3.1.1. HMAC 实例（openssl, Java）

可以直接使用工具 openssl 来测试 hmac，如下：

$ echo -n "password" | openssl dgst -sha1 -hmac "salt"
c1d0e06998305903ac76f589bbd6d4b61a670ba6
$ echo -n "data" | openssl dgst -sha1 -hmac "key"
104152c5bfdca07bc633eebd46199f0255c9f49d

Java 中测试如下：

// from https://gist.github.com/ishikawa/88599/3195bdeecabeb38aa62872ab61877aefa6aef89e
import java.security.InvalidKeyException;
import java.security.NoSuchAlgorithmException;
import java.security.SignatureException;
import java.util.Formatter;

import javax.crypto.Mac;
import javax.crypto.spec.SecretKeySpec;


public class HmacSha1Signature {
	private static final String HMAC_SHA1_ALGORITHM = "HmacSHA1";

	private static String toHexString(byte[] bytes) {
		Formatter formatter = new Formatter();

		for (byte b : bytes) {
			formatter.format("%02x", b);
		}

		return formatter.toString();
	}

	public static String calculateRFC2104HMAC(String data, String key)
		throws SignatureException, NoSuchAlgorithmException, InvalidKeyException
	{
		SecretKeySpec signingKey = new SecretKeySpec(key.getBytes(), HMAC_SHA1_ALGORITHM);
		Mac mac = Mac.getInstance(HMAC_SHA1_ALGORITHM);
		mac.init(signingKey);
		return toHexString(mac.doFinal(data.getBytes()));
	}

	public static void main(String[] args) throws Exception {
		String hmac = calculateRFC2104HMAC("data", "key");

		System.out.println(hmac);
		assert hmac.equals("104152c5bfdca07bc633eebd46199f0255c9f49d");
	}
}

4. 让暴力破解更慢：使用"Slow Hash Function"

现代计算机的计算能力越来越强大，还可以利用 GPU 加速，使得计算字符串的 MD5，SHA1 等 hash 值非常快，这使得暴力破解需要的时间越来越短。

为了更好地抵抗暴力破解，我们可以设计 hash 算法，使得计算一次 hash 值需要的时间比较长，从而使暴力破解的时间变长。

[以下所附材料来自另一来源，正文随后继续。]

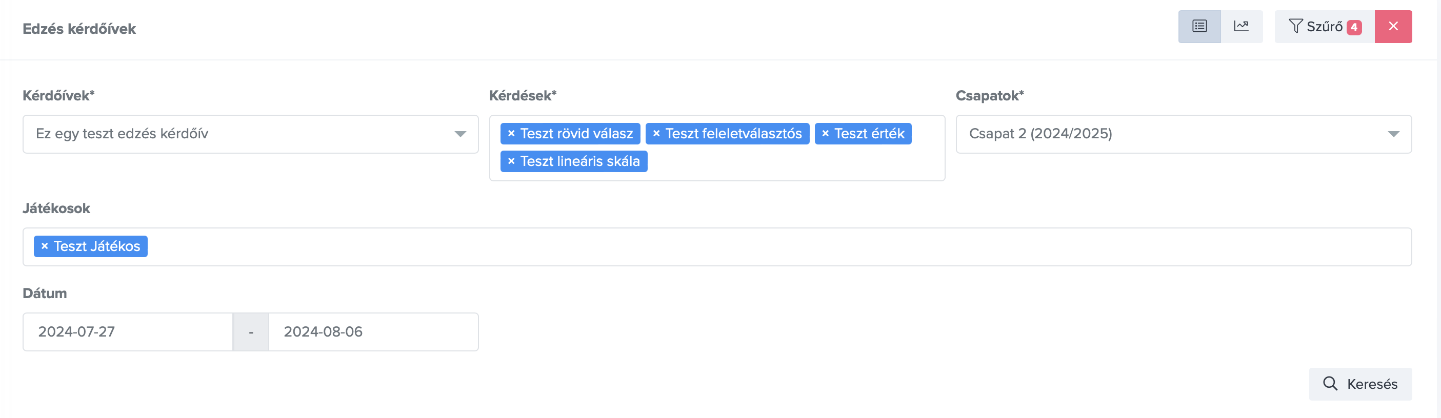 Először is a szűrő segítségével állítsd be az időszakot és a megfelelő kérdéseket.

这类慢 hash 算法有：PBKDF2, bcrypt, scrypt, Argon2, crypt ($2y$, $5$, $6$ 版本) 等等。

说明：不要使用 MD5, SHA1, crypt ($1$, $2$, $2x$, $3$ 版本) 等对密码进行 hash 运算，它们抵抗暴力破解的能力很差。

5. 总结：如何保存和验证密码

To Store a Password

Generate a long random salt using a Cryptographically Secure Pseudo-Random Number Generator.
Prepend the salt to the password and hash it with a standard password hashing function like Argon2, bcrypt, scrypt, or PBKDF2, etc.
Save both the salt and the hash in the user's database record.

To Validate a Password

Retrieve the user's salt and hash from the database.
Prepend the salt to the given password and hash it using the same hash function.
Compare the hash of the given password with the hash from the database. If they match, the password is correct. Otherwise, the password is incorrect.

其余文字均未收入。